*** Information provided Section Begins ***

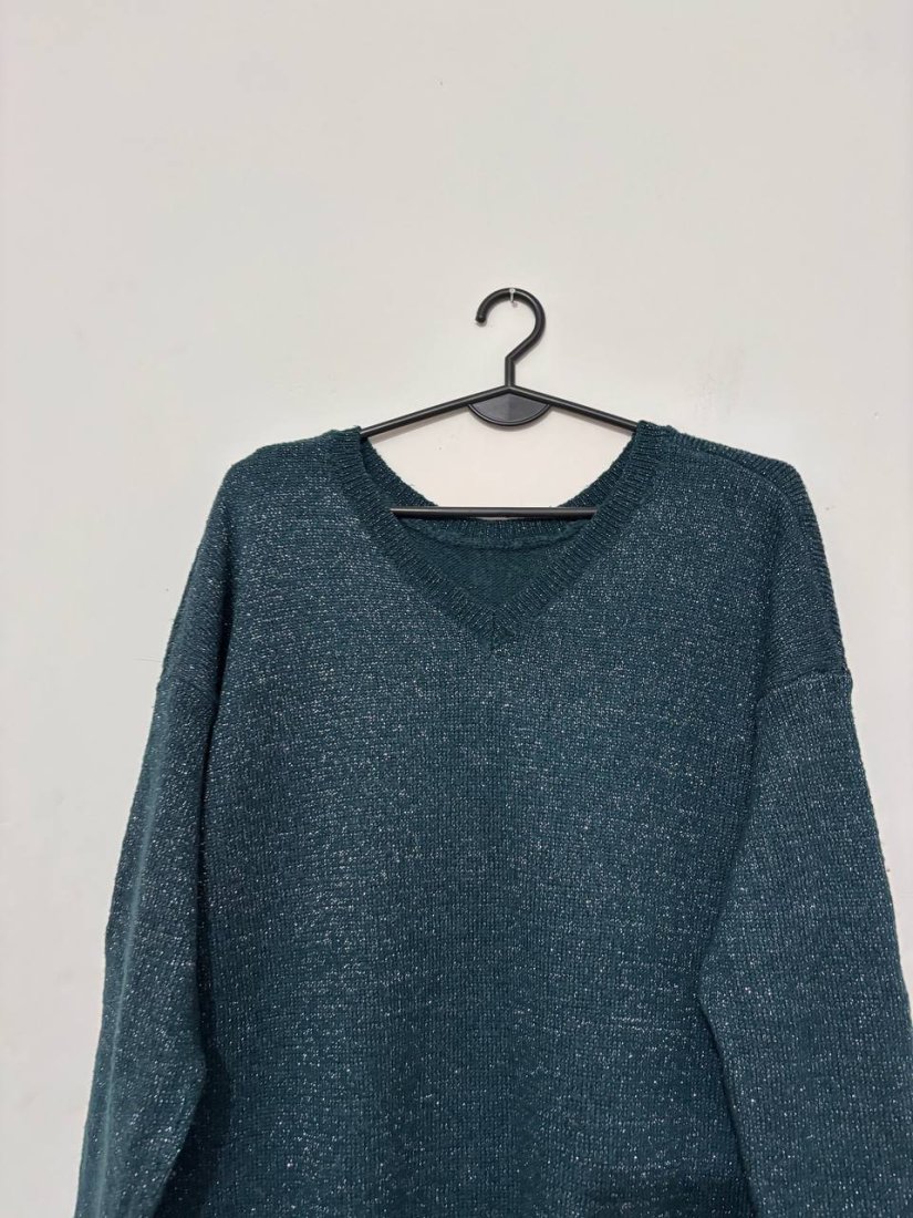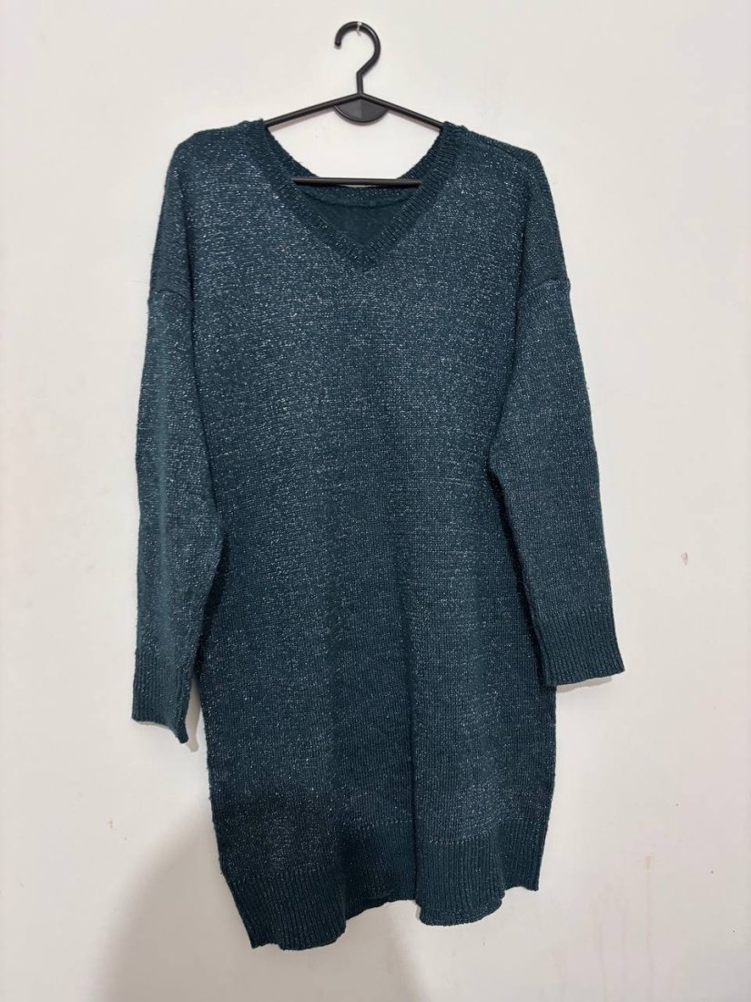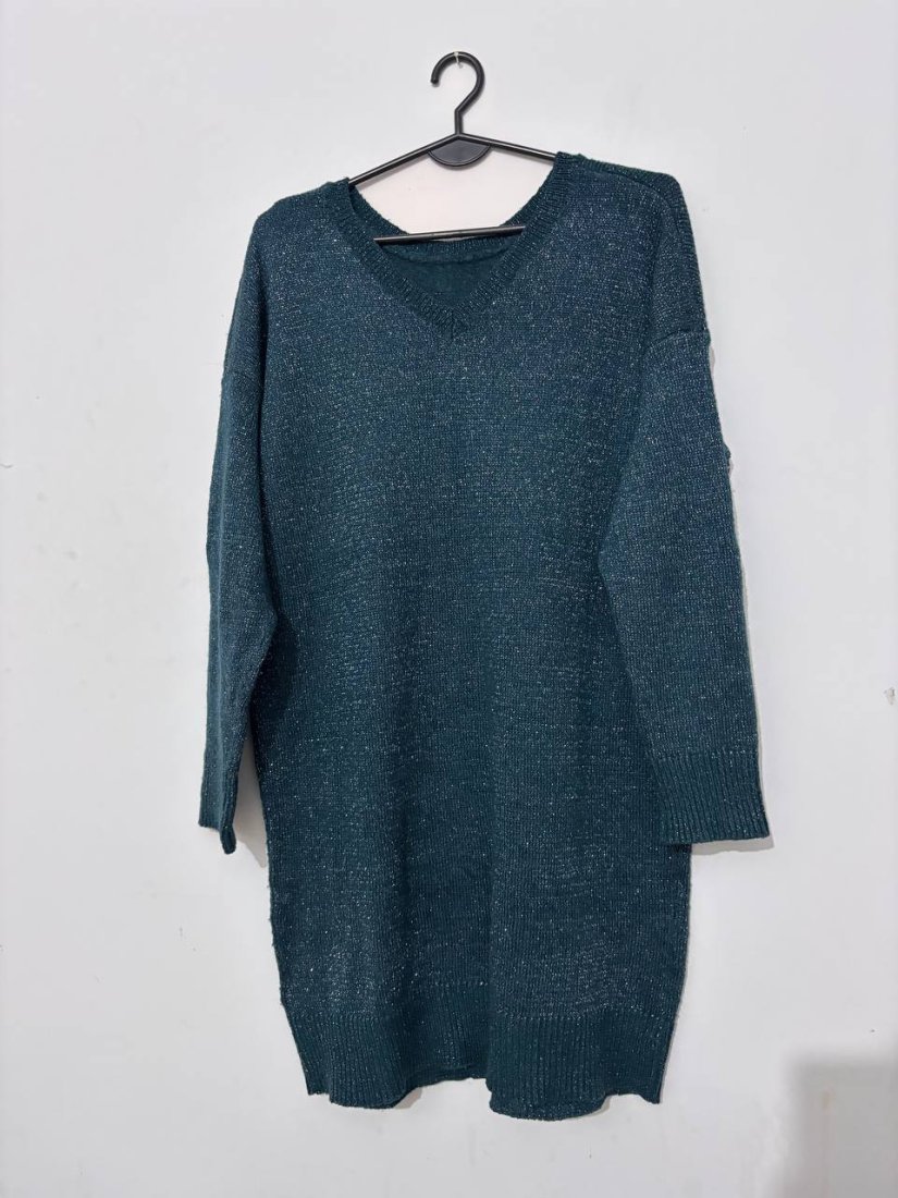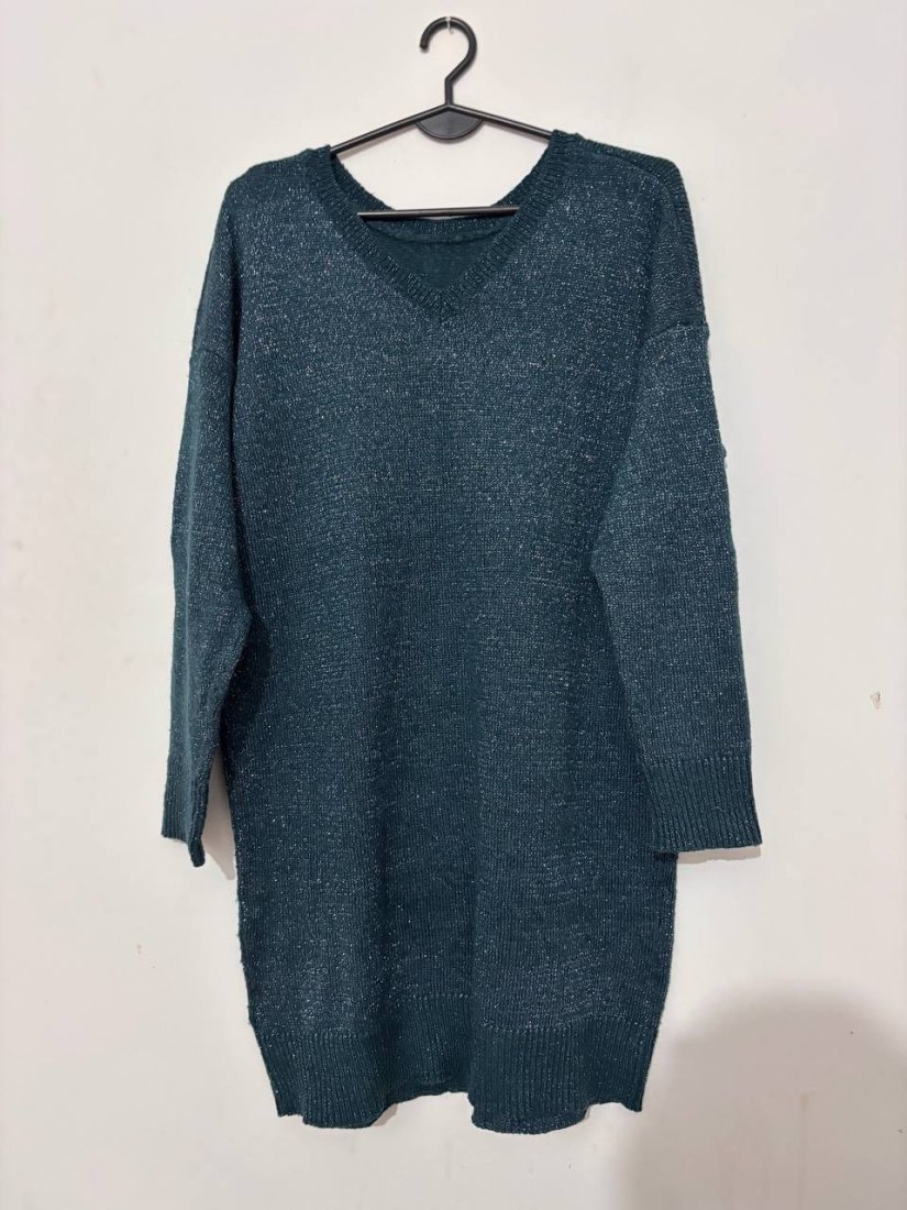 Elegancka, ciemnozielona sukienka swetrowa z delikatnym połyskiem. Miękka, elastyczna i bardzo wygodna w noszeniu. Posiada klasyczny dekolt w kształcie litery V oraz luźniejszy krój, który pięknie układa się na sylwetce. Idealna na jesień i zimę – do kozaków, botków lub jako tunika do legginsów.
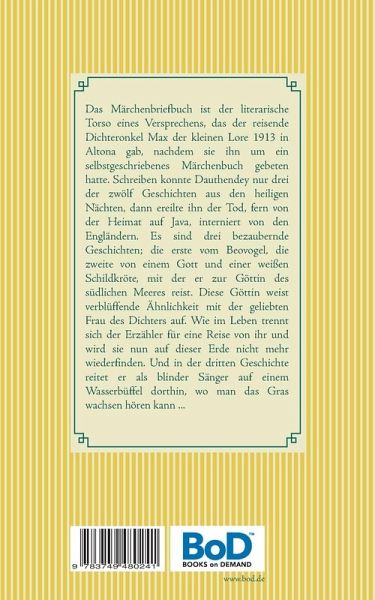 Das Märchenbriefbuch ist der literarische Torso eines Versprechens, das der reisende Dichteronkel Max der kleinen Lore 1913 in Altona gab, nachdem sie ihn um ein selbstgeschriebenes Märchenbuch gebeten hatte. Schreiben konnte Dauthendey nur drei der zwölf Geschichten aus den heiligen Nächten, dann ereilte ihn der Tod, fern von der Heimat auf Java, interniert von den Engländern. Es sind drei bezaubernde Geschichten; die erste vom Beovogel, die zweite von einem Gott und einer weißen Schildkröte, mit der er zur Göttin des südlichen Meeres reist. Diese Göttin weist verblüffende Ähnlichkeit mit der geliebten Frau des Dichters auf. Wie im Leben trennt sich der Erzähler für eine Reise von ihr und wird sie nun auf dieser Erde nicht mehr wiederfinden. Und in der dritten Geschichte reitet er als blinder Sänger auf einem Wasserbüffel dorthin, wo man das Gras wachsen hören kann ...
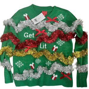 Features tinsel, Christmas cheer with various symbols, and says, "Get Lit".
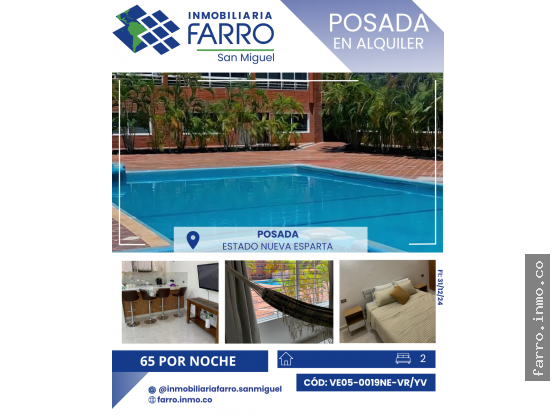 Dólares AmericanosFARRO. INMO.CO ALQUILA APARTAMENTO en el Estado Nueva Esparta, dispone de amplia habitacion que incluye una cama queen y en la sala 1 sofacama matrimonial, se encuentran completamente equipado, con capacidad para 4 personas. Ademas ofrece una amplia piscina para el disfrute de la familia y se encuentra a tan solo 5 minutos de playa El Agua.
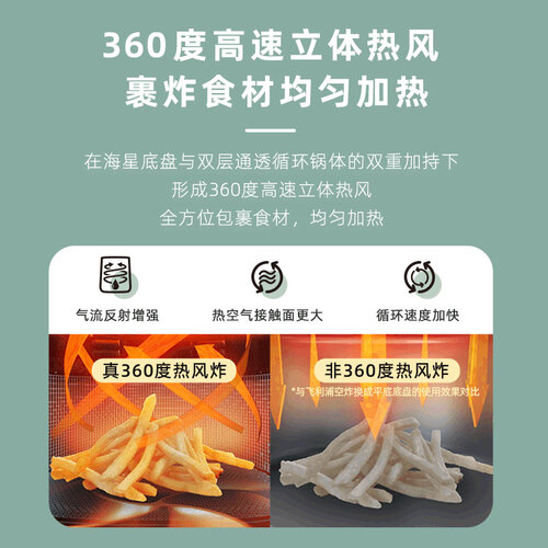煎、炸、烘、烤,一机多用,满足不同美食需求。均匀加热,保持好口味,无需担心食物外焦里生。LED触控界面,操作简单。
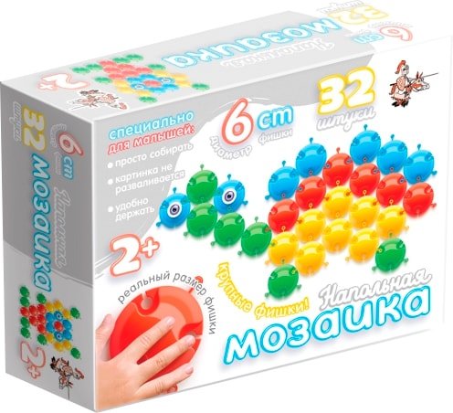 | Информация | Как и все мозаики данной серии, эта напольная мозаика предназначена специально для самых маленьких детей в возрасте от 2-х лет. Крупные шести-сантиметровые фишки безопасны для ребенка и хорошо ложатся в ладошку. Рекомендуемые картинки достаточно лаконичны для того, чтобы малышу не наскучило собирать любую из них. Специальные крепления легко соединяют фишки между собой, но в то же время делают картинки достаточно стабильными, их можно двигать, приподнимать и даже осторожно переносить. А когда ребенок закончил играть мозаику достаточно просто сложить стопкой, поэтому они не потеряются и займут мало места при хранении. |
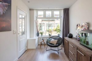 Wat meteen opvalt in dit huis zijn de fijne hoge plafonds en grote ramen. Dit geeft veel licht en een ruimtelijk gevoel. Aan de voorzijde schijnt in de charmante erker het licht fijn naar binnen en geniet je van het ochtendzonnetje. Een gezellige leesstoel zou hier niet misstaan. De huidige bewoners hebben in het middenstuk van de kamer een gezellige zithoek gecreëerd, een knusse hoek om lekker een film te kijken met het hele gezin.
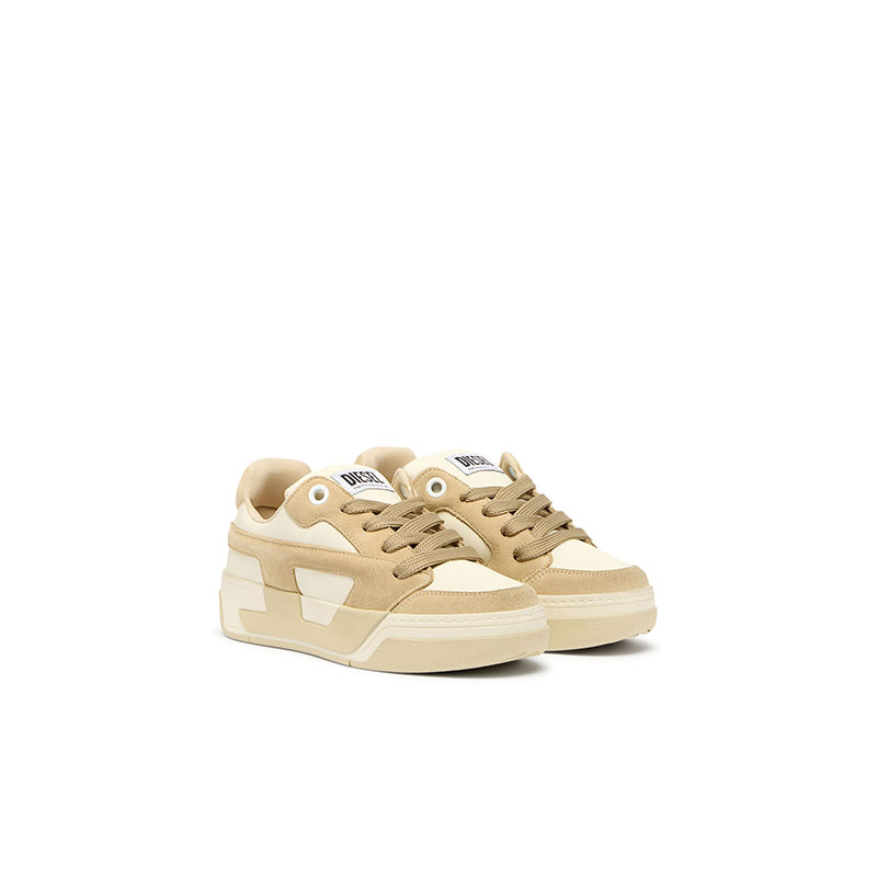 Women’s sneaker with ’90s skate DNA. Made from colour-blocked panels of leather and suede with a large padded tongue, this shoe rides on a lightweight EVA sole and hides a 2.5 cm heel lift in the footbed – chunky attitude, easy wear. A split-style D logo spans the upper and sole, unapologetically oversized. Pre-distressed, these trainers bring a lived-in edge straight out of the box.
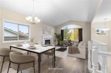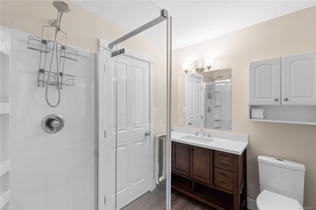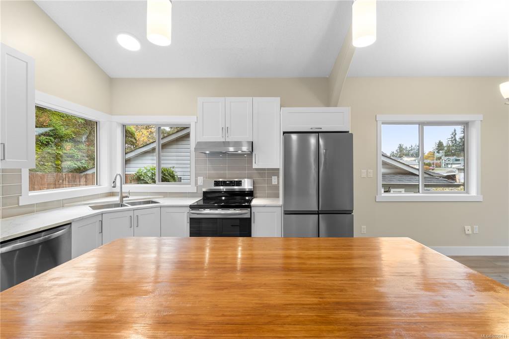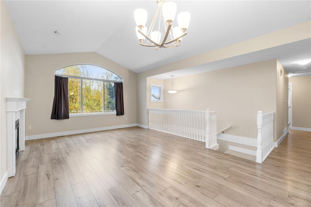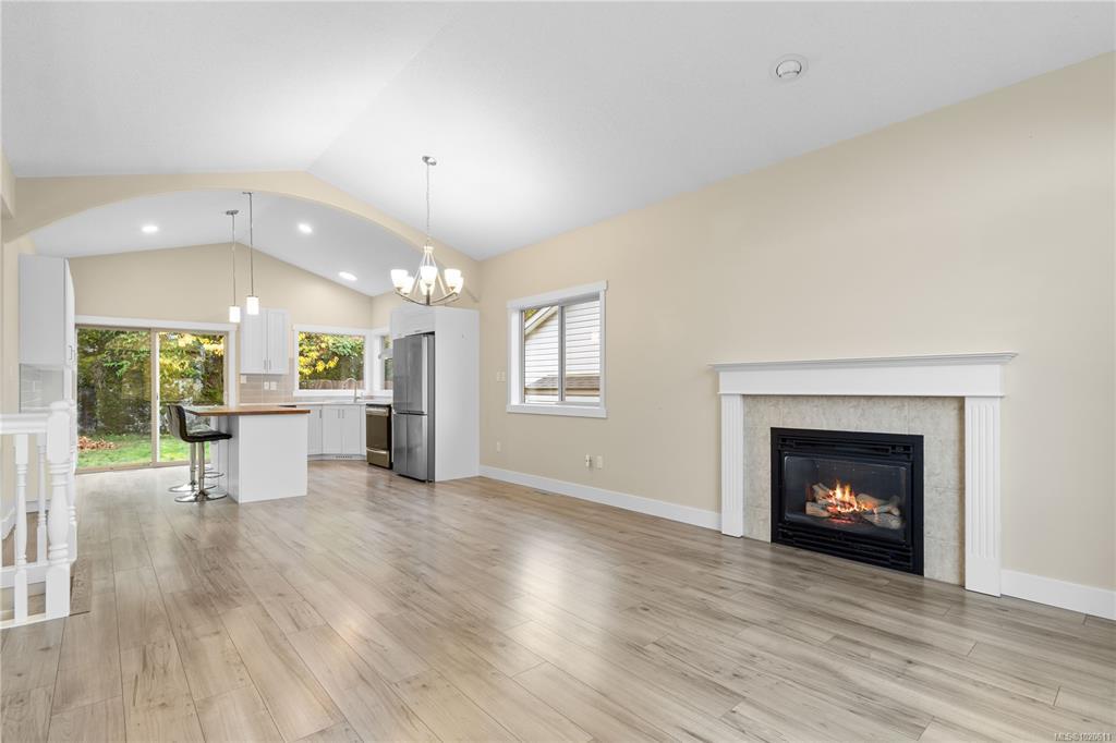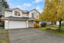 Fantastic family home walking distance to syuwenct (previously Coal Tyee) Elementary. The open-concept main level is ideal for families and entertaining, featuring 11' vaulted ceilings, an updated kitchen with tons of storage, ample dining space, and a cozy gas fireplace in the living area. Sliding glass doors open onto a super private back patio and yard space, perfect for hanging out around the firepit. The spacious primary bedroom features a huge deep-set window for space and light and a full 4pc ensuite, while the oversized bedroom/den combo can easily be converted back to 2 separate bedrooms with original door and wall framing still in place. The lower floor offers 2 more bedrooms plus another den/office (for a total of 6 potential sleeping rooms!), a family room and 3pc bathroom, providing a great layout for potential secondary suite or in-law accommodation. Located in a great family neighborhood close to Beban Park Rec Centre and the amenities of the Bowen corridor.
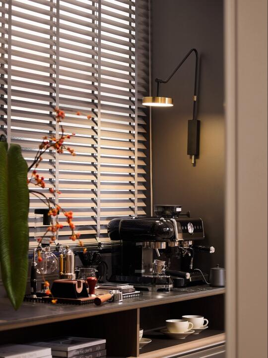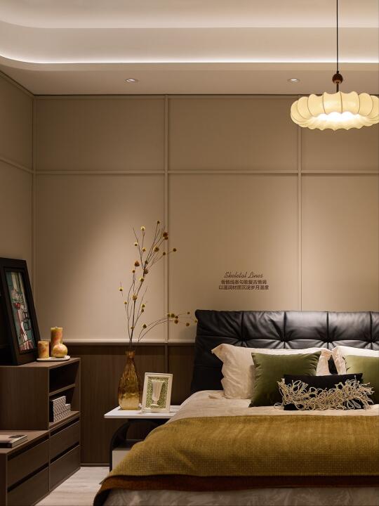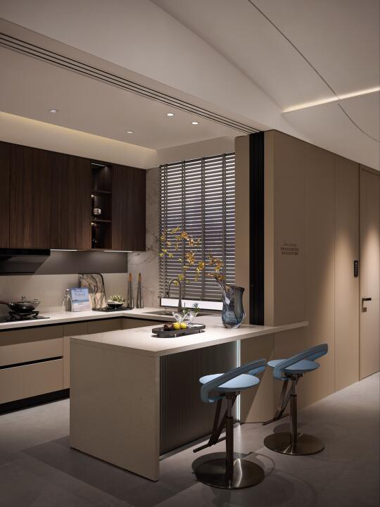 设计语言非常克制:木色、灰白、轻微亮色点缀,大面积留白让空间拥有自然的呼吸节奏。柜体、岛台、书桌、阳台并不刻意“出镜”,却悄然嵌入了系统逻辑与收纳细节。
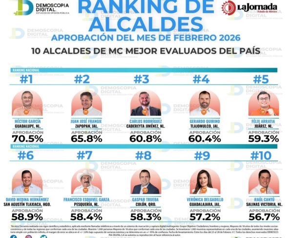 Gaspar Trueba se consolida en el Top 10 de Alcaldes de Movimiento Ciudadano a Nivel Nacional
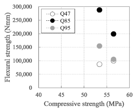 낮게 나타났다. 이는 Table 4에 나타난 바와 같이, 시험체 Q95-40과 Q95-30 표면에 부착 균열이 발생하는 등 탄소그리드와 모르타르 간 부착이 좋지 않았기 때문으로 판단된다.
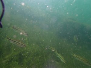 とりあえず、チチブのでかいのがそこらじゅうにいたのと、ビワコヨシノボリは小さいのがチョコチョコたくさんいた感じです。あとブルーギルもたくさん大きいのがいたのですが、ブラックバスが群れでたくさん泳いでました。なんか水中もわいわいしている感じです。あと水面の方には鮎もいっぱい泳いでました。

*** Information provided Section Ends ***

• **What is being asked**:
The exact lines from the beginning of the data through the one that contains "煎、炸、烘、烤,一机多用,满" must be given again, both ends included, and pictures must be left out.

• **Exercise result**:
 Elegancka, ciemnozielona sukienka swetrowa z delikatnym połyskiem. Miękka, elastyczna i bardzo wygodna w noszeniu. Posiada klasyczny dekolt w kształcie litery V oraz luźniejszy krój, który pięknie układa się na sylwetce. Idealna na jesień i zimę – do kozaków, botków lub jako tunika do legginsów.
 Das Märchenbriefbuch ist der literarische Torso eines Versprechens, das der reisende Dichteronkel Max der kleinen Lore 1913 in Altona gab, nachdem sie ihn um ein selbstgeschriebenes Märchenbuch gebeten hatte. Schreiben konnte Dauthendey nur drei der zwölf Geschichten aus den heiligen Nächten, dann ereilte ihn der Tod, fern von der Heimat auf Java, interniert von den Engländern. Es sind drei bezaubernde Geschichten; die erste vom Beovogel, die zweite von einem Gott und einer weißen Schildkröte, mit der er zur Göttin des südlichen Meeres reist. Diese Göttin weist verblüffende Ähnlichkeit mit der geliebten Frau des Dichters auf. Wie im Leben trennt sich der Erzähler für eine Reise von ihr und wird sie nun auf dieser Erde nicht mehr wiederfinden. Und in der dritten Geschichte reitet er als blinder Sänger auf einem Wasserbüffel dorthin, wo man das Gras wachsen hören kann ...
 Features tinsel, Christmas cheer with various symbols, and says, "Get Lit".
 Dólares AmericanosFARRO. INMO.CO ALQUILA APARTAMENTO en el Estado Nueva Esparta, dispone de amplia habitacion que incluye una cama queen y en la sala 1 sofacama matrimonial, se encuentran completamente equipado, con capacidad para 4 personas. Ademas ofrece una amplia piscina para el disfrute de la familia y se encuentra a tan solo 5 minutos de playa El Agua.
煎、炸、烘、烤,一机多用,满足不同美食需求。均匀加热,保持好口味,无需担心食物外焦里生。LED触控界面,操作简单。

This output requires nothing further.